In a time of heightened global market volatility, Australian BNPL fintech firm Zip Co Ltd (ASX: ZIP) has delivered a surprisingly strong earnings report. According to the company’s latest financial results released today, Zip posted an EBITDA of AUD 46 million for the quarter ended March 31, 2025 — a 219.4% increase year-on-year, reaching a record high. Boosted by this news, the company’s share price surged over 18% intraday, making it one of the top performers on the ASX benchmark index.

This result not only injects renewed energy into the lagging tech sector but also signals to investors that BNPL’s flexibility and cross-market scalability remain viable and profitable, even in an inflationary and interest rate–uncertain environment.

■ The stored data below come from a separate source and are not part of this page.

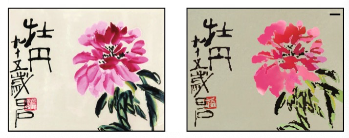 ○ 研究中重现的齐白石画作《牡丹》,左边为原始作品,右边为重现作品。| 图片来源:[1]
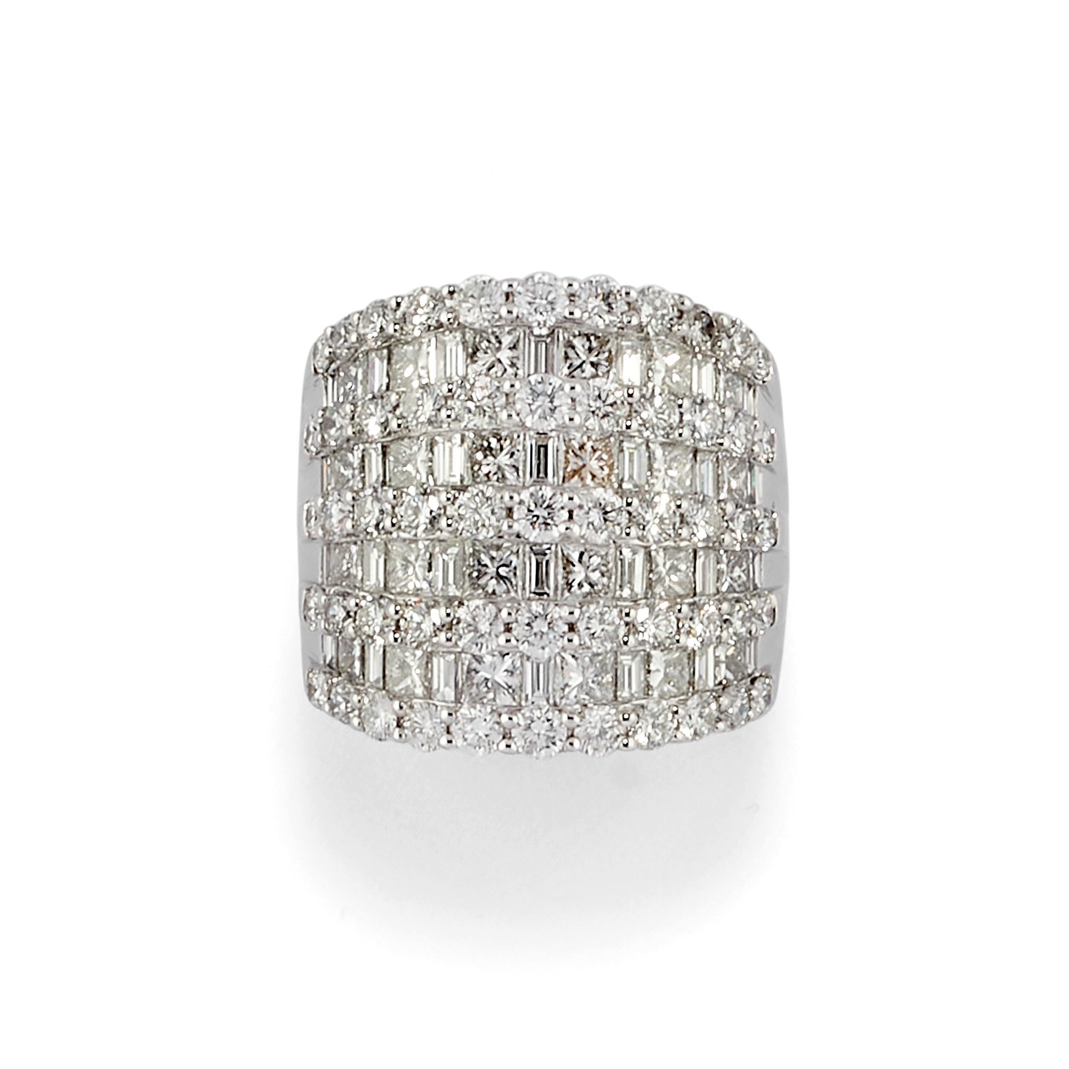 in oro bianco 18K e diamanti taglio brillante, princess e baguette per totale 4,00 circa, prob. colore F/G, purezza VVS/VS, a fascia.
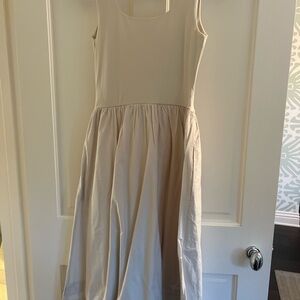 Chic cream midi dress with a sleeveless design. Perfect for versatile styling.
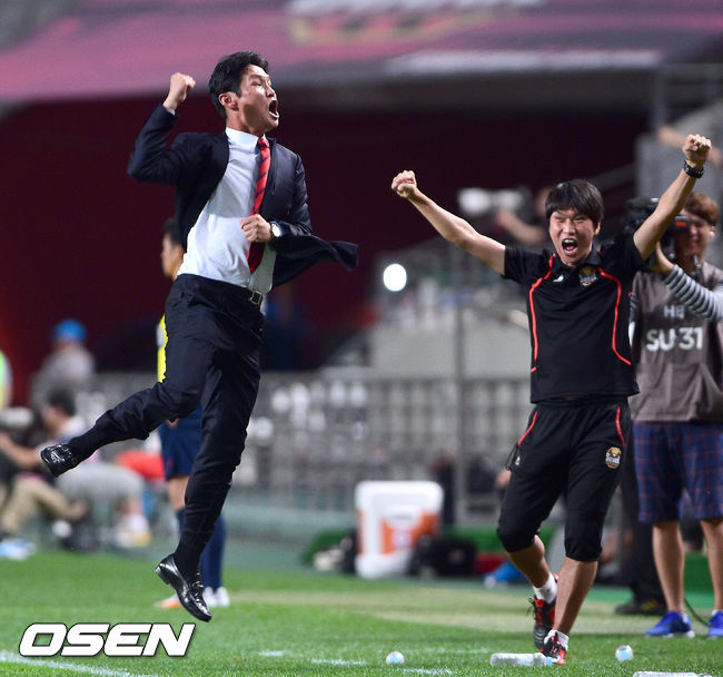 16일 서울 상암동 서울월드컵경기장에서 열린 2014 현대오일뱅크 K리그 클래식 FC 서울과 인천 유나이티드의 경기, 전반 서울 김치우의 추가골때 최용수 감독이 환호하고 있다.
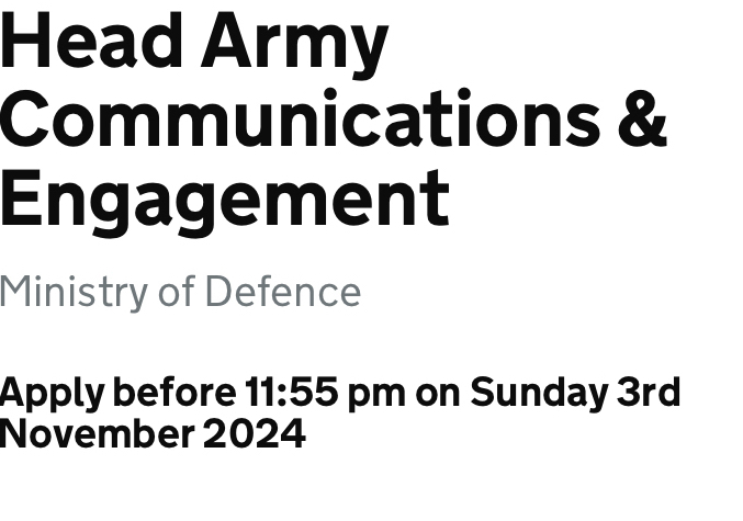 The Army has just advertised to fill the post of Head of Army Communications and Engagement.
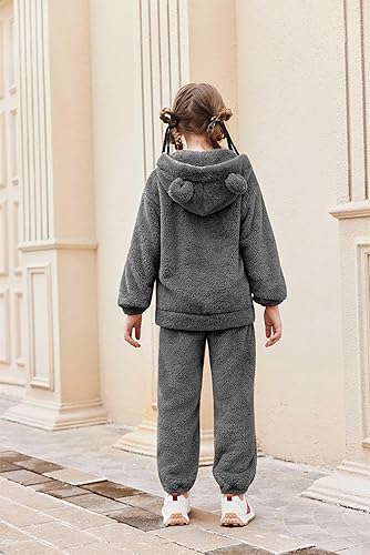 Versatile Outfit Set: Matching fuzzy hoodie and jogger-style pants; ideal for school, park strolls, holiday photos, and everyday wear in cold seasons.
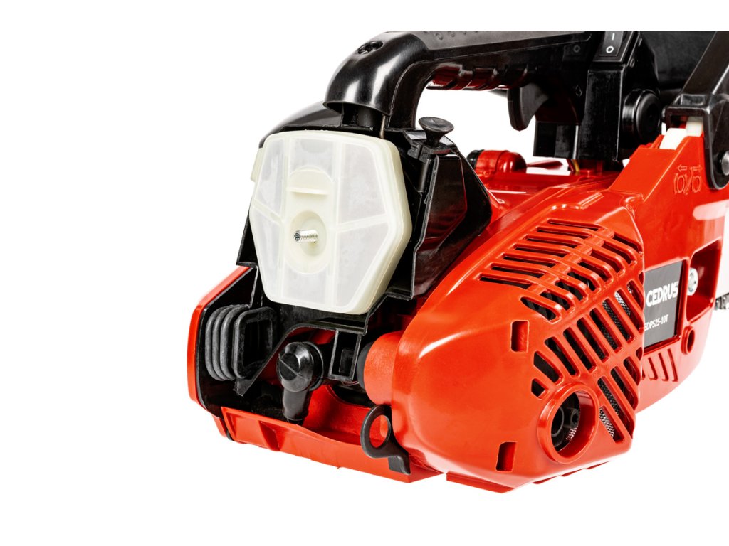 Benzínová řetězová pila Cedrus CEDPS25-10T je ideální volbou pro uživatele, kteří hledají kompaktní, ale výkonné zařízení pro domácí i poloprofesionální použití. Je vybavena dvoutaktním motorem o objemu 25,4 cm³, který poskytuje výkon 0,9 kW. Tato pila je osazena 10" (25 cm) vodicí lištou Oregon a řetězem Oregon 3/8" 0,050", což zajišťuje precizní a efektivní řezání.

 U.S. Market as the “Growth Engine”

Zip’s strong momentum is largely driven by the outstanding performance of its U.S. subsidiary. In this quarter alone, its U.S. operations generated USD 108.5 million in revenue, marking a 44.1% year-on-year increase. Total Transaction Volume (TTV) also rose by 40.2% year-on-year to USD 1.5 billion.

This highlights the continued resilience of the BNPL model in the U.S., where consumers face rising interest rates and inflation. The shift away from traditional credit products toward more transparent, interest-free payment options is becoming increasingly appealing. This trend lends broader confidence to the BNPL industry, especially during times of economic pressure.

 A More Mature Profit Model and Improved Financials

At a group level, Zip’s total revenue grew by 26.5% year-on-year to AUD 278.9 million, showing that the business is no longer reliant on “burning cash for growth” like a startup. The company also raised its FY2025 EBITDA forecast from AUD 147 million to at least AUD 153 million.

Worth noting is Zip’s recently announced AUD 30 million stock buyback plan — a rare move in the tech sector, reflecting the management team’s confidence in future cash flow and shareholder returns.

UBS analysts commented that, considering Zip’s current growth trajectory, “the revised forecast still appears conservative,” indicating room for further upside.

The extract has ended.